South Korea's economy grew 0.6 percent in the last quarter from the previous three months, the weakest pace in four years, the central bank said today. The data sparked concern a recession is looming in Asia's fourth-largest economy as consumers rein in spending and the global slowdown damps export demand.
Stock Valuations
MSCI's Asian index is set to drop 6.9 percent this week and has plunged 48 percent this year, its worst annual performance since the measure was created in 1987. Stocks tumbled after financial firms' mortgage-related losses swelled, worsening a global credit crisis that eventually toppled banks including Lehman Brothers Holdings Inc.
Shares on the Asian measure are now worth 1.1 times book value, cheaper than those in the U.S. and Europe. The S&P and the Dow Jones Stoxx 600 Index trade at 1.8 times book value. Asia's stocks traded as high as 2.6 times book in May 2007, when U.S. stocks were at 2.9 times and Europe was at 2.6 times.

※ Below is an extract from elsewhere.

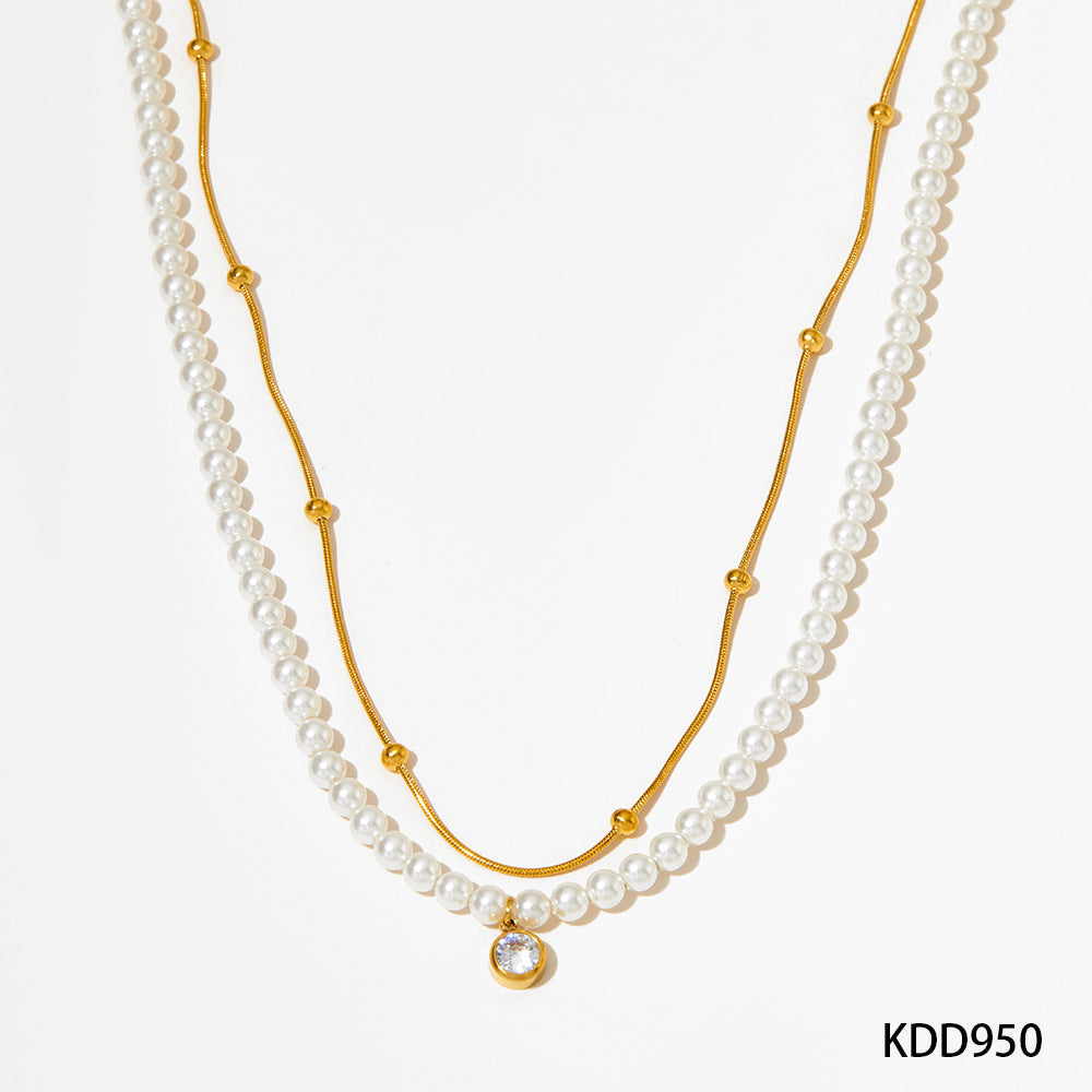 This double-layer shell pearl zircon set is a stunning combination of elegance and versatility, featuring a gold-plated necklace and bracelet that radiate sophistication. Each piece is adorned with luminous shell pearls paired with sparkling zircon pendants, adding a luxurious and refined touch. The necklace measures 40.5cm + 5cm adjustable chain, and the bracelet is 16.5cm + 4cm adjustable chain, ensuring a comfortable and customizable fit. The delicate design incorporates a mix of smooth pearl strands and minimalist gold-plated accents, creating a harmonious and modern aesthetic. Perfect for both formal occasions and everyday wear, this jewelry set offers timeless charm and graceful style, elevating any outfit effortlessly.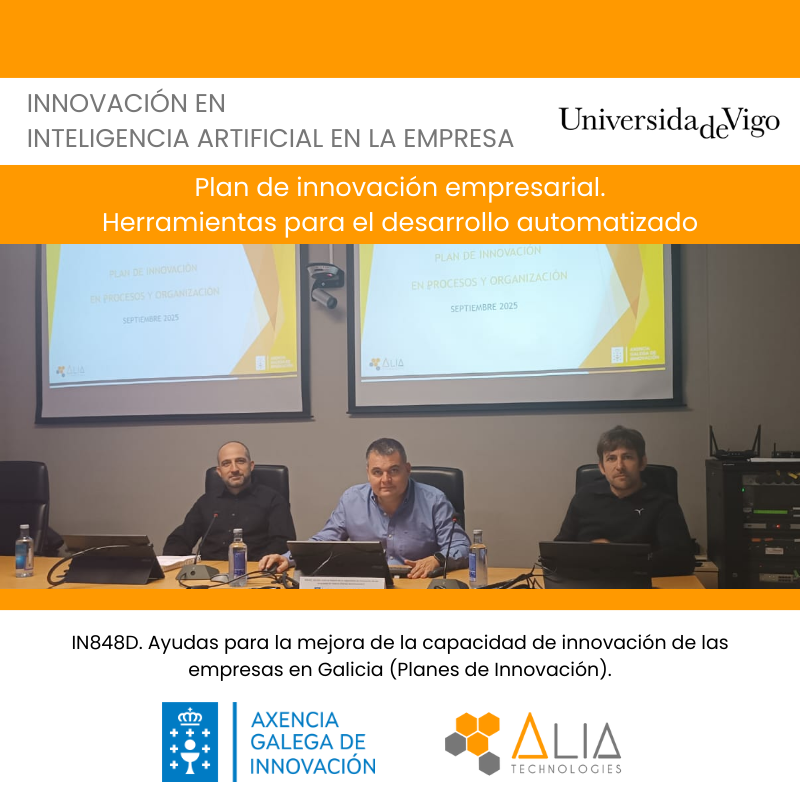 La ponencia, titulada “Plan de innovación empresarial. Herramientas para el desarrollo automatizado”, fue impartida por Brais Saco y César Parguiñas de Alia Technologies, junto a Diego Arias de la consultora Zakiobi. Durante la sesión, se compartieron los avances y aprendizajes del plan, así como su impacto en los procesos internos y en la estrategia tecnológica de la compañía.

HSBC, the world's second-biggest bank by value, tumbled 7.3 percent to HK$93.30 after Morgan Stanley cut its share-price target to HK$75. The London-based bank may halve its dividend in 2009, while an appreciation in the dollar could cut earnings by about 15 percent, Morgan Stanley analysts said.
A decline in shipping rates sent China Cosco Holdings Co., the world's biggest operator of dry-bulk ships, down 8.8 percent to HK$3.64. STX Pan Ocean Co., South Korea's biggest, fell 8.2 percent to 79 cents in Singapore.
Baltic Dry
The Baltic Dry Index, a measure of commodity-shipping rates, declined 5.9 percent yesterday in London, the lowest since Sept. 11, 2002. The gauge has plunged 62 percent since Oct. 3, when it last rose. Goldman, Sachs & Co. slashed its price estimate for China Cosco by 73 percent to HK$4.30, in a report.